• [EXERCISE PROMPT]: From the data that follows, print exactly the lines starting at the one containing "Here we have" and ending at the one containing "18일 서울 중구 소공로"; include both of them and nothing more.

• [SOURCE MATERIAL]:
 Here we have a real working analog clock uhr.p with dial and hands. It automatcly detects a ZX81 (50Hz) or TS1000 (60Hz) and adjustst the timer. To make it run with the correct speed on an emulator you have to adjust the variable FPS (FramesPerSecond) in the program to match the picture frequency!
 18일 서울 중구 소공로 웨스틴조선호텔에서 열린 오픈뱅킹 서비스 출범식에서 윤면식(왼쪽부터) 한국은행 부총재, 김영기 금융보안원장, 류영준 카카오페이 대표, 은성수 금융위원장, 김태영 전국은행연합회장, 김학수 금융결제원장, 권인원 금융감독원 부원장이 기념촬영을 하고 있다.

==

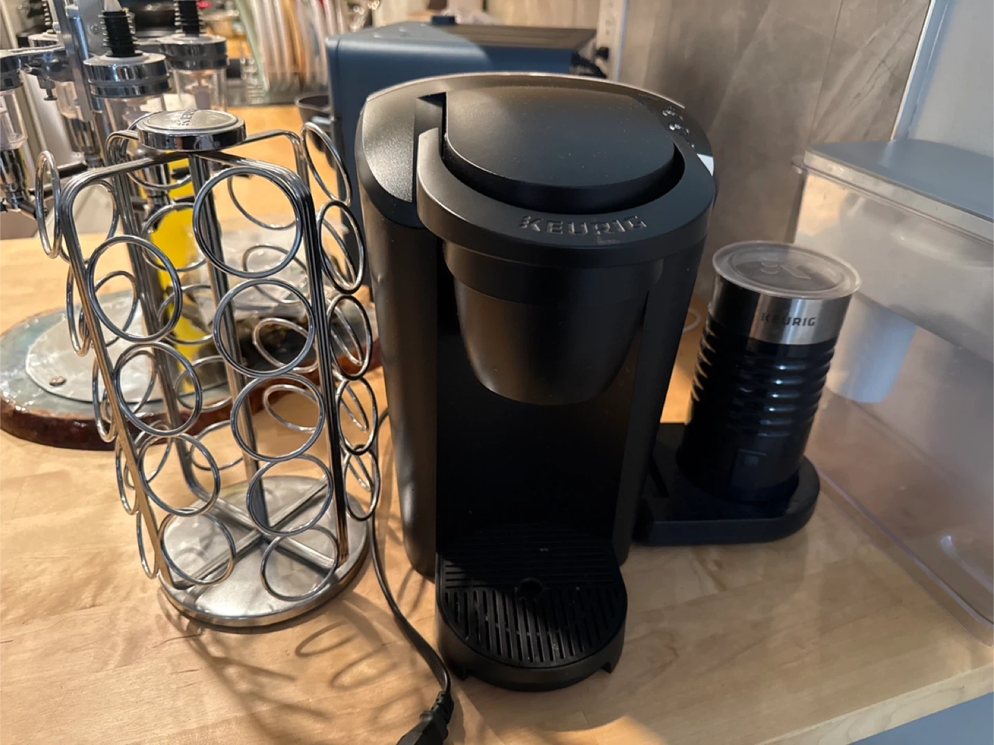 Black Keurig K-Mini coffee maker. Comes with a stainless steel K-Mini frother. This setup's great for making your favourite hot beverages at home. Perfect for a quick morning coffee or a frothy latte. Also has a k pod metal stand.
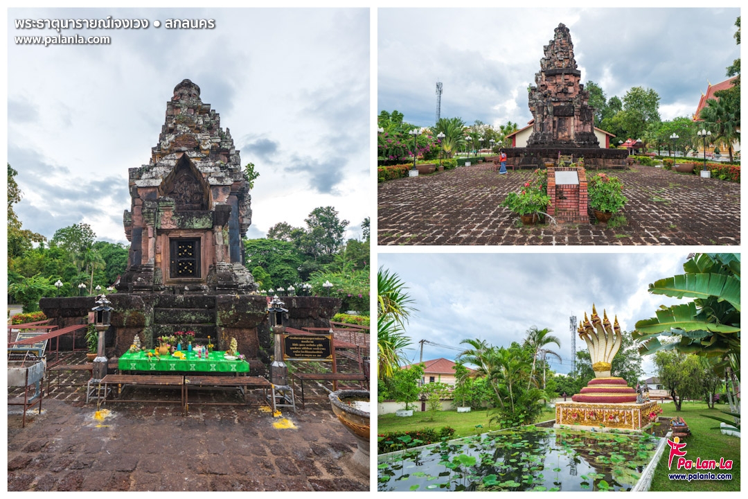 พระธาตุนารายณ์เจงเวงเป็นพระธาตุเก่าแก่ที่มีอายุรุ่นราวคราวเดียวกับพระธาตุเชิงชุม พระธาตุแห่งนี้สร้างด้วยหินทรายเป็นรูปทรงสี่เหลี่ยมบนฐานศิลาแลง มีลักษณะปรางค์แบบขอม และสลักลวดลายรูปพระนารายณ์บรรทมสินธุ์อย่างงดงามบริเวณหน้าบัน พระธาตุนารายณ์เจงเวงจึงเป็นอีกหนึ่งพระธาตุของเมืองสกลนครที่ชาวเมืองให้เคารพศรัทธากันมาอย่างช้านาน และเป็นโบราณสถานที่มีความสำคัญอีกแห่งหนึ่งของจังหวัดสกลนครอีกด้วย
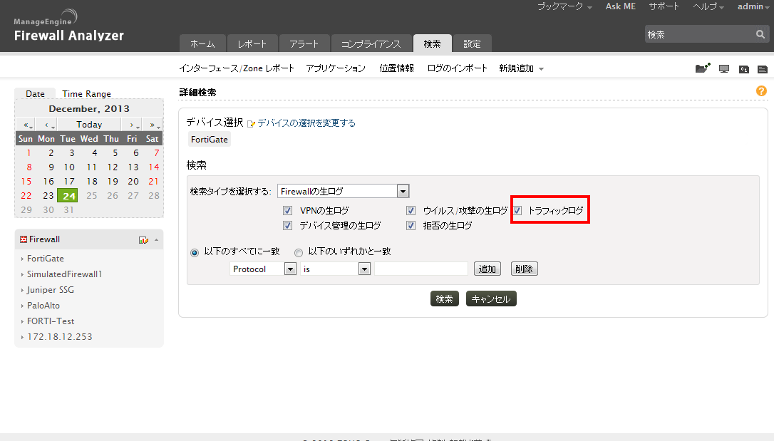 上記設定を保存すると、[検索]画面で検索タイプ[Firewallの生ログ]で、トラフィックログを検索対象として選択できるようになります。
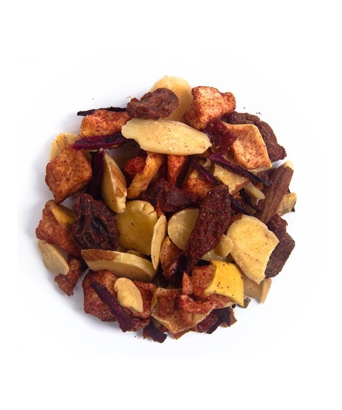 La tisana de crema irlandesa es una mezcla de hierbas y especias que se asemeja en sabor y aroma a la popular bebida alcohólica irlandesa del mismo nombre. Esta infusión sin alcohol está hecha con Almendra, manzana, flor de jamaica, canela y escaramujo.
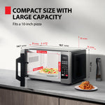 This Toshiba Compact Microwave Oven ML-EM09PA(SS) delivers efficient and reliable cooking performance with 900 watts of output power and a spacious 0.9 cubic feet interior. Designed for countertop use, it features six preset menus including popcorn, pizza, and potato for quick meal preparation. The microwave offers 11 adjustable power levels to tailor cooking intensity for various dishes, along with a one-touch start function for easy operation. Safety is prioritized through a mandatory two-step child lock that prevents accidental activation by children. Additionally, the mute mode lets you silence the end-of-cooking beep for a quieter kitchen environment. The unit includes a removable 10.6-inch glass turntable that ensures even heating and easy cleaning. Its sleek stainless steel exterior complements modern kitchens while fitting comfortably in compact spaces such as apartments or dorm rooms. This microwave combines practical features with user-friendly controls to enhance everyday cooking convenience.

• [WRITTEN RESPONSE]:
 Here we have a real working analog clock uhr.p with dial and hands. It automatcly detects a ZX81 (50Hz) or TS1000 (60Hz) and adjustst the timer. To make it run with the correct speed on an emulator you have to adjust the variable FPS (FramesPerSecond) in the program to match the picture frequency!
 18일 서울 중구 소공로 웨스틴조선호텔에서 열린 오픈뱅킹 서비스 출범식에서 윤면식(왼쪽부터) 한국은행 부총재, 김영기 금융보안원장, 류영준 카카오페이 대표, 은성수 금융위원장, 김태영 전국은행연합회장, 김학수 금융결제원장, 권인원 금융감독원 부원장이 기념촬영을 하고 있다.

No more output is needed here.